### Supplied material ###
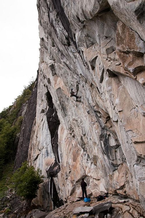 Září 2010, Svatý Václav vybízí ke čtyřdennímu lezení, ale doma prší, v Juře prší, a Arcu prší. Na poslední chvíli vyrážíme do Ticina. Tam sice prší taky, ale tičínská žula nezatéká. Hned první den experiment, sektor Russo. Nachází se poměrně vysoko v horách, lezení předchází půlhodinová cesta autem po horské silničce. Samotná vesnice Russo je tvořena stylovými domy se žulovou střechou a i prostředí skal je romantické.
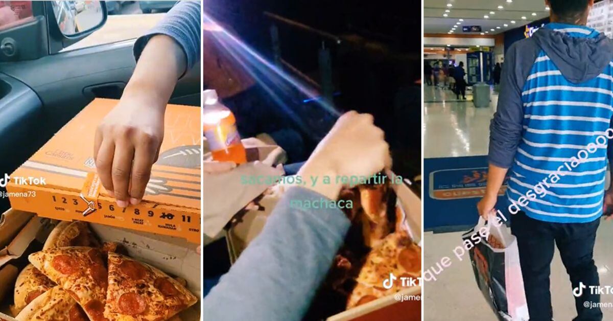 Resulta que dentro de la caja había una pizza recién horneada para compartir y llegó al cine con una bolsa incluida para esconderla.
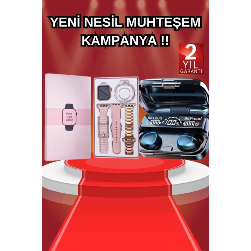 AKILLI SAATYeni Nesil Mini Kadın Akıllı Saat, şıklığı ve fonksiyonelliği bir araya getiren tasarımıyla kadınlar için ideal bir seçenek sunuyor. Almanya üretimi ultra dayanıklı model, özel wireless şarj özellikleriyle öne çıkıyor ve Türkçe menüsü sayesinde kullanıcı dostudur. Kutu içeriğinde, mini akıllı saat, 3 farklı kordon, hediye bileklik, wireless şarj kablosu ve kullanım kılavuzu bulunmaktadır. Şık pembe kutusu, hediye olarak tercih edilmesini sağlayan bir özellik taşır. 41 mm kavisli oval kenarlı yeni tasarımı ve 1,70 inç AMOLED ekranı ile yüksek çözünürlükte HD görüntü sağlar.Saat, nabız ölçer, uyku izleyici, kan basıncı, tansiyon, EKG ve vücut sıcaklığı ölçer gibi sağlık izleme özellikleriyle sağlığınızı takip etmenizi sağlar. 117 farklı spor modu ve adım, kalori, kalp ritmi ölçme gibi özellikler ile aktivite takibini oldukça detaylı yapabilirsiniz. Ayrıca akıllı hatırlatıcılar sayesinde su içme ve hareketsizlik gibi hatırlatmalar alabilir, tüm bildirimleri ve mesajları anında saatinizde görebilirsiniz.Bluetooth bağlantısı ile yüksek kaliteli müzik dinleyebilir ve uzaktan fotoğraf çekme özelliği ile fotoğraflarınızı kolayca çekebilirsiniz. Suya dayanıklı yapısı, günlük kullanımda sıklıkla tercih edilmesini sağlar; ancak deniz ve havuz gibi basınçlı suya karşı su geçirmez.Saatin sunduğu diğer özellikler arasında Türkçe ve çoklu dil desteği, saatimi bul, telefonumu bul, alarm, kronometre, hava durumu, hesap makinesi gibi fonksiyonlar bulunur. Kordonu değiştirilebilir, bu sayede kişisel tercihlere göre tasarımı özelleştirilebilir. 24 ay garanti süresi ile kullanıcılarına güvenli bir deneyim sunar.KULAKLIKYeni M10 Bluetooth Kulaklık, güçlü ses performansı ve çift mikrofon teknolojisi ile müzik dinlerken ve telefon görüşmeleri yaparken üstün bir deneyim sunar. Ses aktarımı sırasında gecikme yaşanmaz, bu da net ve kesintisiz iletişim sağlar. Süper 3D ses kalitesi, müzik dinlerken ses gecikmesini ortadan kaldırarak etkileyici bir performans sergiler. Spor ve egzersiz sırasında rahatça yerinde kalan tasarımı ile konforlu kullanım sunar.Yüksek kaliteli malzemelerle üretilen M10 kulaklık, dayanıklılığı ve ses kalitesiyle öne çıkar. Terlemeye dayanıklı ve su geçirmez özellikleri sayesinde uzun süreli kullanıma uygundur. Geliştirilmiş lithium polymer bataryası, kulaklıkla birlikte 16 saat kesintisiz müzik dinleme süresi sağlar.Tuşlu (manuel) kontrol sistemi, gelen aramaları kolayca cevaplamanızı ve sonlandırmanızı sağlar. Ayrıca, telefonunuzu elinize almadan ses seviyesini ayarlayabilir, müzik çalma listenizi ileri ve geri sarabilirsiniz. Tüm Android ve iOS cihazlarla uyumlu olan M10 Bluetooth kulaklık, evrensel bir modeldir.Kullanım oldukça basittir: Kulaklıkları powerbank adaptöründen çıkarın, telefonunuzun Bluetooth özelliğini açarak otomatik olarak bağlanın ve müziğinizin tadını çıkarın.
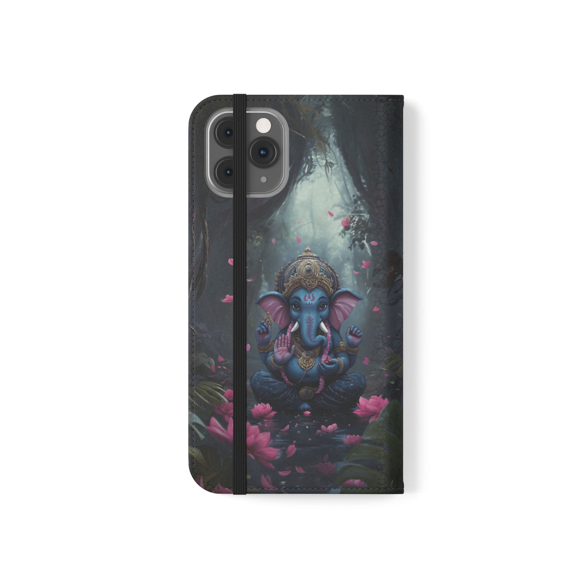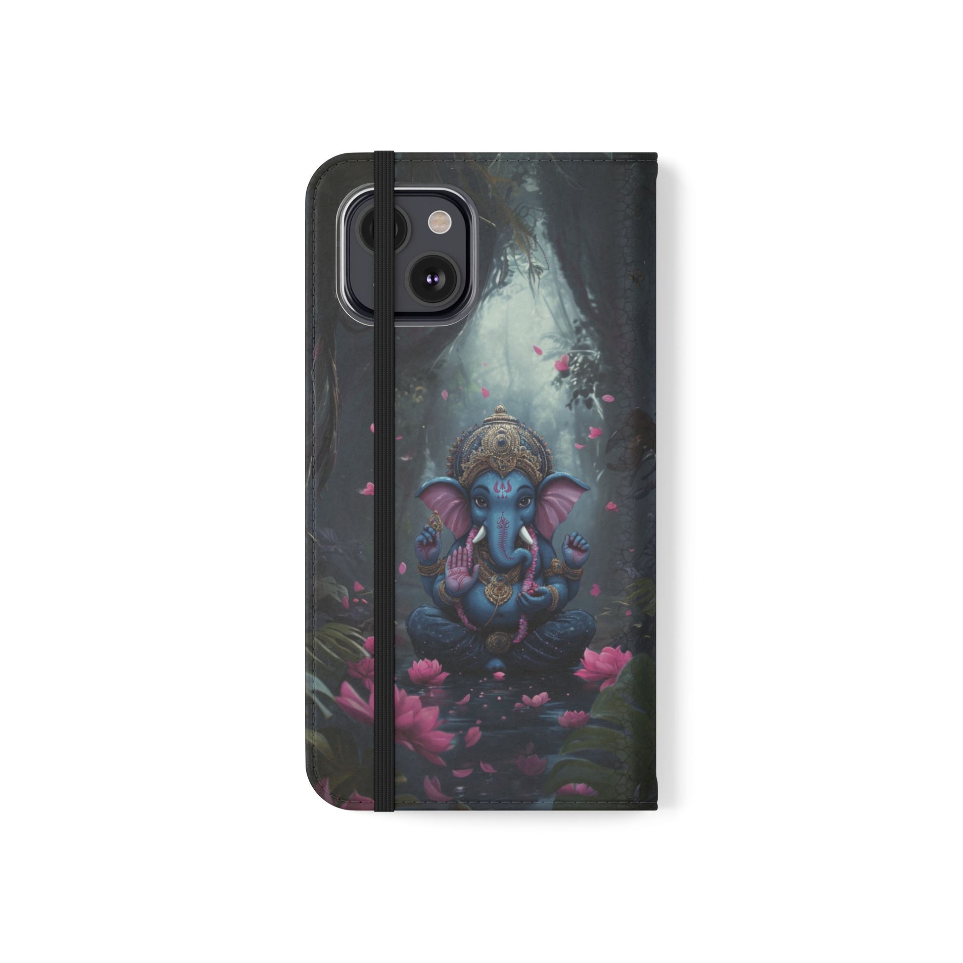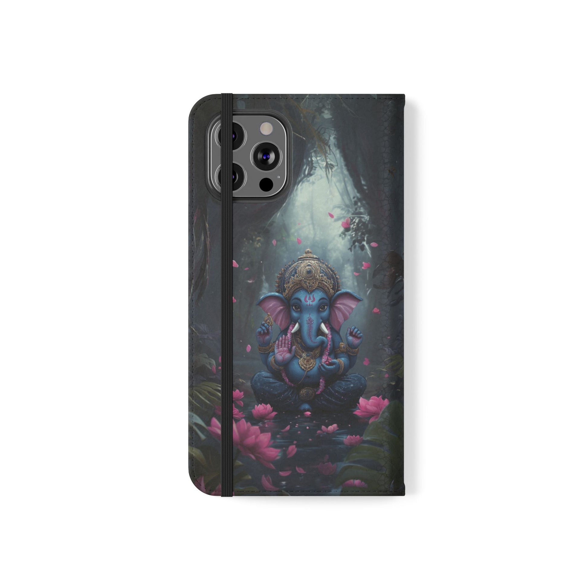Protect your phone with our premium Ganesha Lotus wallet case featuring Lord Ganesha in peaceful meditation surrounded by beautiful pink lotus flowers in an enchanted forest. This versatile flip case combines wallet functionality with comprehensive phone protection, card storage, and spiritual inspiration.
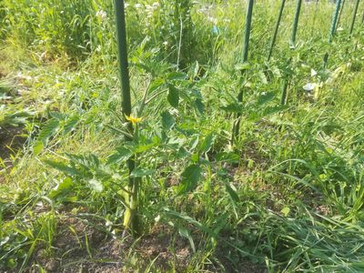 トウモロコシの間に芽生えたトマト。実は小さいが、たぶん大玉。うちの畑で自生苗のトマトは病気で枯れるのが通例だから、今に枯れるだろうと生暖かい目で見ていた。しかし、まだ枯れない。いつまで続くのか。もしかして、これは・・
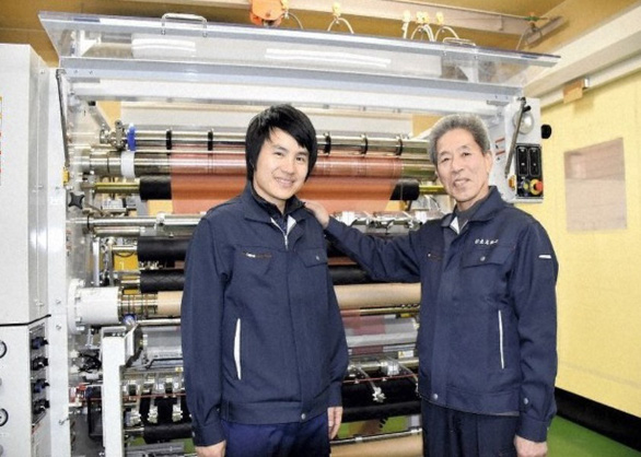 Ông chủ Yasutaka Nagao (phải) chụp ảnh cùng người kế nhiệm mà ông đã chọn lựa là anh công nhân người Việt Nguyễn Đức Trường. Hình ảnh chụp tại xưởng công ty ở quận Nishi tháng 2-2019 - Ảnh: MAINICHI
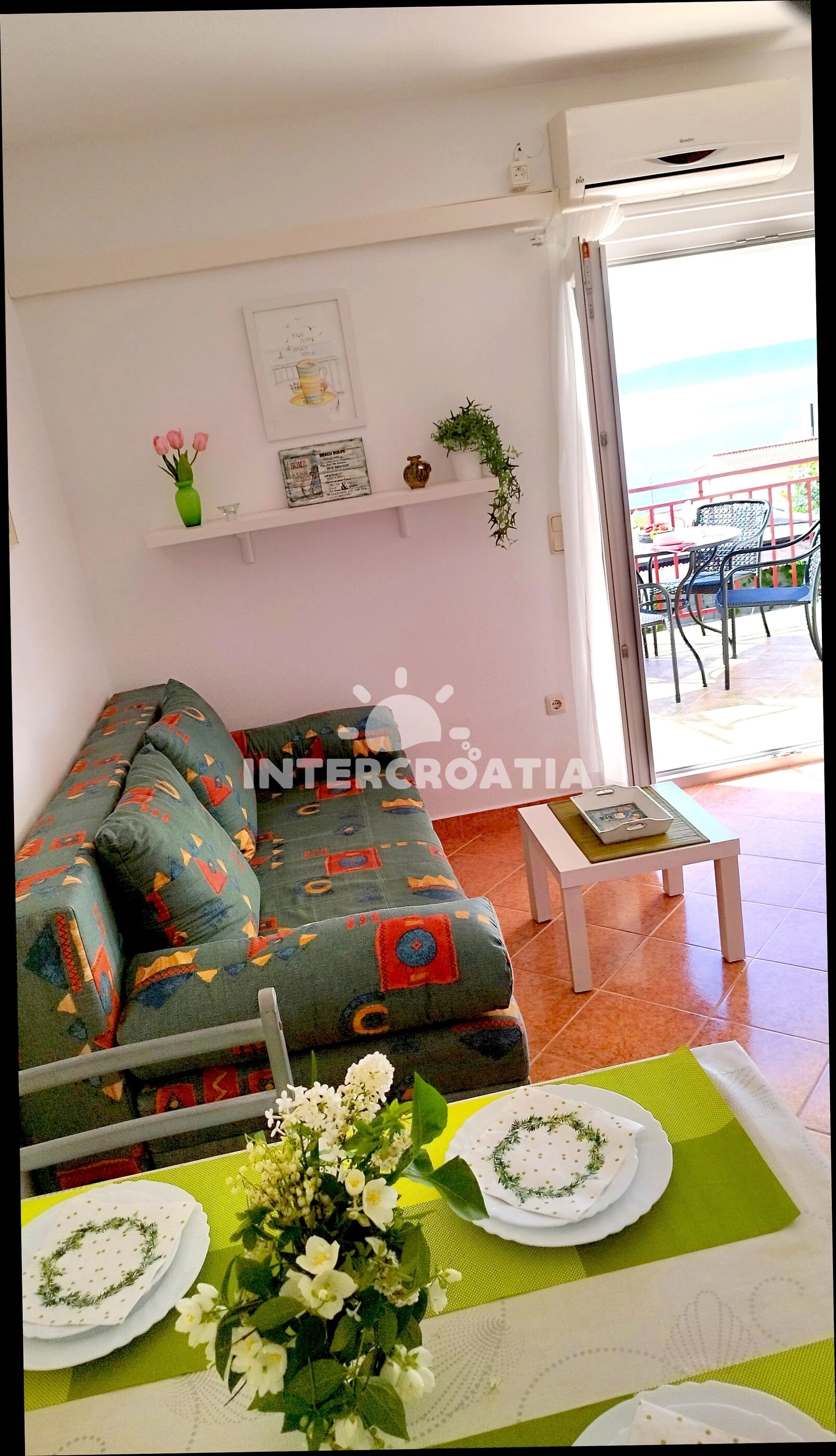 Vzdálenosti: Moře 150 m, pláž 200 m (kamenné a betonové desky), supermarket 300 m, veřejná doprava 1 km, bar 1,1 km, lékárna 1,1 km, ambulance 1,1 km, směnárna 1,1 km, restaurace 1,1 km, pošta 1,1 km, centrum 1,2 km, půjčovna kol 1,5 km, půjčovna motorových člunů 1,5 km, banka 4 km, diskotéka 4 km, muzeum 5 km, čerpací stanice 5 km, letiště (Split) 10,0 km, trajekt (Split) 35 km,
###
*Problem details:*
The records above are to be repeated exactly, with every picture removed from the copy.

*Answer for this exercise:*
 Září 2010, Svatý Václav vybízí ke čtyřdennímu lezení, ale doma prší, v Juře prší, a Arcu prší. Na poslední chvíli vyrážíme do Ticina. Tam sice prší taky, ale tičínská žula nezatéká. Hned první den experiment, sektor Russo. Nachází se poměrně vysoko v horách, lezení předchází půlhodinová cesta autem po horské silničce. Samotná vesnice Russo je tvořena stylovými domy se žulovou střechou a i prostředí skal je romantické.
 Resulta que dentro de la caja había una pizza recién horneada para compartir y llegó al cine con una bolsa incluida para esconderla.
 AKILLI SAATYeni Nesil Mini Kadın Akıllı Saat, şıklığı ve fonksiyonelliği bir araya getiren tasarımıyla kadınlar için ideal bir seçenek sunuyor. Almanya üretimi ultra dayanıklı model, özel wireless şarj özellikleriyle öne çıkıyor ve Türkçe menüsü sayesinde kullanıcı dostudur. Kutu içeriğinde, mini akıllı saat, 3 farklı kordon, hediye bileklik, wireless şarj kablosu ve kullanım kılavuzu bulunmaktadır. Şık pembe kutusu, hediye olarak tercih edilmesini sağlayan bir özellik taşır. 41 mm kavisli oval kenarlı yeni tasarımı ve 1,70 inç AMOLED ekranı ile yüksek çözünürlükte HD görüntü sağlar.Saat, nabız ölçer, uyku izleyici, kan basıncı, tansiyon, EKG ve vücut sıcaklığı ölçer gibi sağlık izleme özellikleriyle sağlığınızı takip etmenizi sağlar. 117 farklı spor modu ve adım, kalori, kalp ritmi ölçme gibi özellikler ile aktivite takibini oldukça detaylı yapabilirsiniz. Ayrıca akıllı hatırlatıcılar sayesinde su içme ve hareketsizlik gibi hatırlatmalar alabilir, tüm bildirimleri ve mesajları anında saatinizde görebilirsiniz.Bluetooth bağlantısı ile yüksek kaliteli müzik dinleyebilir ve uzaktan fotoğraf çekme özelliği ile fotoğraflarınızı kolayca çekebilirsiniz. Suya dayanıklı yapısı, günlük kullanımda sıklıkla tercih edilmesini sağlar; ancak deniz ve havuz gibi basınçlı suya karşı su geçirmez.Saatin sunduğu diğer özellikler arasında Türkçe ve çoklu dil desteği, saatimi bul, telefonumu bul, alarm, kronometre, hava durumu, hesap makinesi gibi fonksiyonlar bulunur. Kordonu değiştirilebilir, bu sayede kişisel tercihlere göre tasarımı özelleştirilebilir. 24 ay garanti süresi ile kullanıcılarına güvenli bir deneyim sunar.KULAKLIKYeni M10 Bluetooth Kulaklık, güçlü ses performansı ve çift mikrofon teknolojisi ile müzik dinlerken ve telefon görüşmeleri yaparken üstün bir deneyim sunar. Ses aktarımı sırasında gecikme yaşanmaz, bu da net ve kesintisiz iletişim sağlar. Süper 3D ses kalitesi, müzik dinlerken ses gecikmesini ortadan kaldırarak etkileyici bir performans sergiler. Spor ve egzersiz sırasında rahatça yerinde kalan tasarımı ile konforlu kullanım sunar.Yüksek kaliteli malzemelerle üretilen M10 kulaklık, dayanıklılığı ve ses kalitesiyle öne çıkar. Terlemeye dayanıklı ve su geçirmez özellikleri sayesinde uzun süreli kullanıma uygundur. Geliştirilmiş lithium polymer bataryası, kulaklıkla birlikte 16 saat kesintisiz müzik dinleme süresi sağlar.Tuşlu (manuel) kontrol sistemi, gelen aramaları kolayca cevaplamanızı ve sonlandırmanızı sağlar. Ayrıca, telefonunuzu elinize almadan ses seviyesini ayarlayabilir, müzik çalma listenizi ileri ve geri sarabilirsiniz. Tüm Android ve iOS cihazlarla uyumlu olan M10 Bluetooth kulaklık, evrensel bir modeldir.Kullanım oldukça basittir: Kulaklıkları powerbank adaptöründen çıkarın, telefonunuzun Bluetooth özelliğini açarak otomatik olarak bağlanın ve müziğinizin tadını çıkarın.
Protect your phone with our premium Ganesha Lotus wallet case featuring Lord Ganesha in peaceful meditation surrounded by beautiful pink lotus flowers in an enchanted forest. This versatile flip case combines wallet functionality with comprehensive phone protection, card storage, and spiritual inspiration.
 トウモロコシの間に芽生えたトマト。実は小さいが、たぶん大玉。うちの畑で自生苗のトマトは病気で枯れるのが通例だから、今に枯れるだろうと生暖かい目で見ていた。しかし、まだ枯れない。いつまで続くのか。もしかして、これは・・
 Ông chủ Yasutaka Nagao (phải) chụp ảnh cùng người kế nhiệm mà ông đã chọn lựa là anh công nhân người Việt Nguyễn Đức Trường. Hình ảnh chụp tại xưởng công ty ở quận Nishi tháng 2-2019 - Ảnh: MAINICHI
 Vzdálenosti: Moře 150 m, pláž 200 m (kamenné a betonové desky), supermarket 300 m, veřejná doprava 1 km, bar 1,1 km, lékárna 1,1 km, ambulance 1,1 km, směnárna 1,1 km, restaurace 1,1 km, pošta 1,1 km, centrum 1,2 km, půjčovna kol 1,5 km, půjčovna motorových člunů 1,5 km, banka 4 km, diskotéka 4 km, muzeum 5 km, čerpací stanice 5 km, letiště (Split) 10,0 km, trajekt (Split) 35 km,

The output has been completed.